Resource Roles
Resource roles give users permissions to specific objects and operations in the system: CRUD operations on entities, entity attributes, UI screens, and so on.
A user without resource roles has no permissions and cannot access the application’s data and UI. |
Creating Resource Roles
You can create resource roles at design time using annotated Java interfaces (see role designer in Studio) or at runtime using UI screens available at Administration → Resource roles.
A role has a user-friendly name and a code. The code is used when assigning the role to users, so don’t change if some users already have this role assigned.
Example of defining a design-time role:
@ResourceRole( (1)
name = "Full Access", (2)
code = "system-full-access") (3)
public interface FullAccessRole {
// ...
void fullAccess(); (4)
}
1 | The @ResourceRole annotation indicates that the interface defines a resource role. |
2 | A user-friendly name of the role. |
3 | The role’s code. |
4 | The interface can have one or more methods to define policy annotations (see below). Different methods are used just to group related policies. Method names can be arbitrary, they are displayed as Policy group when the role is shown in UI. |
Resource Policies
Resource roles define permissions by specifying resource policies.
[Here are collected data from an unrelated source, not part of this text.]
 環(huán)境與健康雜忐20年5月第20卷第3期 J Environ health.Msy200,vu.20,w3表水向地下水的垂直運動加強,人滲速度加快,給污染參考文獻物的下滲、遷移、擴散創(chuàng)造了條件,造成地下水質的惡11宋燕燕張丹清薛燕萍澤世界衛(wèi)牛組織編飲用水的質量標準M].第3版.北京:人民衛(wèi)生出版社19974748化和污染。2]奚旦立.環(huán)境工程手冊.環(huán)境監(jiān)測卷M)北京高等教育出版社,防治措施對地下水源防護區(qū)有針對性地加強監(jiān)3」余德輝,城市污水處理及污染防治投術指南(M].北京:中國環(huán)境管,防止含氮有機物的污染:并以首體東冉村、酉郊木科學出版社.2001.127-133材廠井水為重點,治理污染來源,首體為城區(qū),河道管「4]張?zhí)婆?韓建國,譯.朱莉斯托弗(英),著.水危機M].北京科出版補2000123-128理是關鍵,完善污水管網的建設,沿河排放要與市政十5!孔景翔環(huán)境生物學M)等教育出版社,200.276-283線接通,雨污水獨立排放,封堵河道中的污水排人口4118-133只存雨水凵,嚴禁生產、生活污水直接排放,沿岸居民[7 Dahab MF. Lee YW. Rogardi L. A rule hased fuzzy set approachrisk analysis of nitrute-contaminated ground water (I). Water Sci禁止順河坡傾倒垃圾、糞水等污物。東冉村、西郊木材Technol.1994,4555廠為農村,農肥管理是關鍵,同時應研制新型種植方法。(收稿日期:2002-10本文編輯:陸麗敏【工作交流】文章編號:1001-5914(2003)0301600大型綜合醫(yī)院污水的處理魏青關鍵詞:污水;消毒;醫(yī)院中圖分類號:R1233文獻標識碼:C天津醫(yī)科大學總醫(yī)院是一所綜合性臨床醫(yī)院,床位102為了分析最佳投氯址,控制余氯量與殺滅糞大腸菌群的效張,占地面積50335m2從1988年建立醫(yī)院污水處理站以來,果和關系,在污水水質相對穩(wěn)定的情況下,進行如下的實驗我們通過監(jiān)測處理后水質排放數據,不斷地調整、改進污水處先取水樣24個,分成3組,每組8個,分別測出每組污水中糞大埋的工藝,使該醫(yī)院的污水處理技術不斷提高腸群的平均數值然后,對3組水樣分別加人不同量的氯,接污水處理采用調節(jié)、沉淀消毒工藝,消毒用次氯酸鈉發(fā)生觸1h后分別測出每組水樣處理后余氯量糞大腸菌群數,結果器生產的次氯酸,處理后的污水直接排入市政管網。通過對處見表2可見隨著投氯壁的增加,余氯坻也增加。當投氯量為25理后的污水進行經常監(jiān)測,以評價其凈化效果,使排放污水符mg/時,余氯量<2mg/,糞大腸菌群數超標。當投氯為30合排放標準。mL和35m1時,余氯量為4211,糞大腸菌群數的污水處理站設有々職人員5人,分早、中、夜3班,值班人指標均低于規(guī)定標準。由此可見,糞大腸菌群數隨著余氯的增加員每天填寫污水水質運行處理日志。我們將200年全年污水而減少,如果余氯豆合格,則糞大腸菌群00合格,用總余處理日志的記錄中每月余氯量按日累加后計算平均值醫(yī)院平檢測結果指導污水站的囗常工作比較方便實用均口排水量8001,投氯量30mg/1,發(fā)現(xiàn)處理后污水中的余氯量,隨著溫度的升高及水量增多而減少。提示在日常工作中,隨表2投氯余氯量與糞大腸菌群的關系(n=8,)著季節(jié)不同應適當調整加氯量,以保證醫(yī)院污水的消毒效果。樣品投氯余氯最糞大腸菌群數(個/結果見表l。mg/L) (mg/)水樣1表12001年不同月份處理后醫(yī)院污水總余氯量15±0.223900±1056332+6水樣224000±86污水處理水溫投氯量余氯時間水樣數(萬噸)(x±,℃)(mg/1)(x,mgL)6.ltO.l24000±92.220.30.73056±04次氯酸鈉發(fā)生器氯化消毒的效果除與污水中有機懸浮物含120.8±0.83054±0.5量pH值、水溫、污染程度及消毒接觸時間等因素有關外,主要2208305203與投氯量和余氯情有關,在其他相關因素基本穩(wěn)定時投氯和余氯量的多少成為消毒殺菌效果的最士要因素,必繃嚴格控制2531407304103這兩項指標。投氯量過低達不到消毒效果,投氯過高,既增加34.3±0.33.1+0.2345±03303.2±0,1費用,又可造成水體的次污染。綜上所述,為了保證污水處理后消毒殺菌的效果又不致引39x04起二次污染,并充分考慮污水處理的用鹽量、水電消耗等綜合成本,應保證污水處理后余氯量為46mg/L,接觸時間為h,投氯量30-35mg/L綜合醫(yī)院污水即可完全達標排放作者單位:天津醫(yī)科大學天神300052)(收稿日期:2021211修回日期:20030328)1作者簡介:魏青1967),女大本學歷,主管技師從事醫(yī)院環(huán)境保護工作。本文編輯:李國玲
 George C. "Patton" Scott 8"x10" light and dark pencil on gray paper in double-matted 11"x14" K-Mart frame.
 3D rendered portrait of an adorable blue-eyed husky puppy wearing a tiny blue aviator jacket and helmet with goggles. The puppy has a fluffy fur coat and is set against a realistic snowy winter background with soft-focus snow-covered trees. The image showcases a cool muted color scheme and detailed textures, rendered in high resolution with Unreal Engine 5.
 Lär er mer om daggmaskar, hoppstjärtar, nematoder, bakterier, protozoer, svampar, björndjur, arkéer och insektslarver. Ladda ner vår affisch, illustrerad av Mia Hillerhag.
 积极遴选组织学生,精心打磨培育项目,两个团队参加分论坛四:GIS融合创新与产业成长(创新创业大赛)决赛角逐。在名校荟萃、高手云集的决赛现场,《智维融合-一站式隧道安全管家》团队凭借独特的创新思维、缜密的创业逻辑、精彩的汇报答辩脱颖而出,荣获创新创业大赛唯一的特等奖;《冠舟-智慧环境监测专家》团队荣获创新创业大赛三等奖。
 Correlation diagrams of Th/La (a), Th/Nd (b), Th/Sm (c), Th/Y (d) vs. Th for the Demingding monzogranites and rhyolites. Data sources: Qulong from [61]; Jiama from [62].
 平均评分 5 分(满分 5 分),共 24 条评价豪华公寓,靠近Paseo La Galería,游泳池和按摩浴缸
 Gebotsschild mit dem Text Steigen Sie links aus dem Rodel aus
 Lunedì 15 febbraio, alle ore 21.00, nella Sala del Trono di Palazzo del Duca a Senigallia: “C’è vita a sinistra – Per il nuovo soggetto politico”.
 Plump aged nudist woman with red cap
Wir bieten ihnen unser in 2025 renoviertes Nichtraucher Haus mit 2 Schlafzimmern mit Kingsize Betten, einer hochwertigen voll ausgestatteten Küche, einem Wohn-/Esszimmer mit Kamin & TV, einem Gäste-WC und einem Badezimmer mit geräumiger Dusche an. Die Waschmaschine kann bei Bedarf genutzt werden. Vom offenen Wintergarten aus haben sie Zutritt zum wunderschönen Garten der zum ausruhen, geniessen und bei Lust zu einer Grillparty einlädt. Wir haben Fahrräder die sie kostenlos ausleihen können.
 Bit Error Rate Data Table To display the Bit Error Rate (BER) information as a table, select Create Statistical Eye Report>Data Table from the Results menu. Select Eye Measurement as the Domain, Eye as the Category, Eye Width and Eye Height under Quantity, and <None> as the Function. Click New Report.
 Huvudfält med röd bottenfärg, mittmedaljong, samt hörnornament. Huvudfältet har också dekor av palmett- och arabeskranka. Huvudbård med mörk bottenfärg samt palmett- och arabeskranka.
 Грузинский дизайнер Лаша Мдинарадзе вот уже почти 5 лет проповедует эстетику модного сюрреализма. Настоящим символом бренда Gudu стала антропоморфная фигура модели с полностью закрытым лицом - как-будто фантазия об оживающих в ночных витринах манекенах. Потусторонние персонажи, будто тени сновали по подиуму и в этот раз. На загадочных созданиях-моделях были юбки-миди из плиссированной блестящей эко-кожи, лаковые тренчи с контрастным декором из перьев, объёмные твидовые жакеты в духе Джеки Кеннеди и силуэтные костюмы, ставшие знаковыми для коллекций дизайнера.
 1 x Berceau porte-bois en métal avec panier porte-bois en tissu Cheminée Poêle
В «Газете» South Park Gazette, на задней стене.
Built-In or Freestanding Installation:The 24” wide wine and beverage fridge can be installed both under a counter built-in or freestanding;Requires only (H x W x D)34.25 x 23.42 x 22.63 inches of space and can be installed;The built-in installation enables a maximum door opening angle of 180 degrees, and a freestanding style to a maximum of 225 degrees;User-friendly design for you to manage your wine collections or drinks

A resource policy combines a resource with a permitted type of access to it.
Entity Policy
Entity policy specifies what CRUD operations are permitted for an entity.
In a design-time role, the entity policy is defined using the @EntityPolicy
annotation, for example:
@EntityPolicy(
entityClass = Customer.class,
actions = {EntityPolicyAction.READ,
EntityPolicyAction.CREATE,
EntityPolicyAction.UPDATE})
void customer();
The entityClass
parameter specifies the entity. If you want to define a policy for all entities, use the entityName
parameter with *
value.
The actions
parameter specifies permitted CRUD operations. If you want to enable all operations, use EntityPolicyAction.ALL
value.
Entity Attribute Policy
Entity attribute policy specifies what entity attributes are permitted.
In a design-time role, the entity attribute policy is defined using the @EntityAttributePolicy
annotation, for example:
@EntityAttributePolicy(
entityClass = Customer.class,
attributes = {"name", "region", "details"},
action = EntityAttributePolicyAction.MODIFY)
void customer();
The entityClass
parameter specifies the entity. If you want to define a policy for all entities, use the entityName
parameter with *
value.
The attributes
parameter specifies entity attribute names. If you want to define a policy for all attributes of the entity, use *
value.
The action
parameter specifies the permitted access level: "view" or "modify". The "modify" level automatically grants also the "view" access.
Screen Policy
Screen policy specifies permitted UI screens.
In a design-time role, the screen policy is defined using the @ScreenPolicy
annotation, for example:
@ScreenPolicy(
screenIds = {"sample_Customer.browse", "sample_Customer.edit"})
void customer();
The screenIds
parameter specifies identifiers of permitted UI screens. If you want to enable all screens, use *
value.
Menu Policy
Menu policy specifies permitted UI main menu items.
In a design-time role, the menu policy is defined using the @MenuPolicy
annotation, for example:
@MenuPolicy(
menuIds = {"sample_Customer.browse"})
void customer();
The menuIds
parameter specifies identifiers of permitted menu items. If you want to enable all menu items, use *
value.
Specific Policy
Specific policy defines permissions on arbitrary named functionality.
The framework uses specific permissions to restrict access to various mechanisms. For example, Generic REST API defines the rest.enabled
policy, so a user must have this permission to be able to interact with the application through the Generic REST endpoints.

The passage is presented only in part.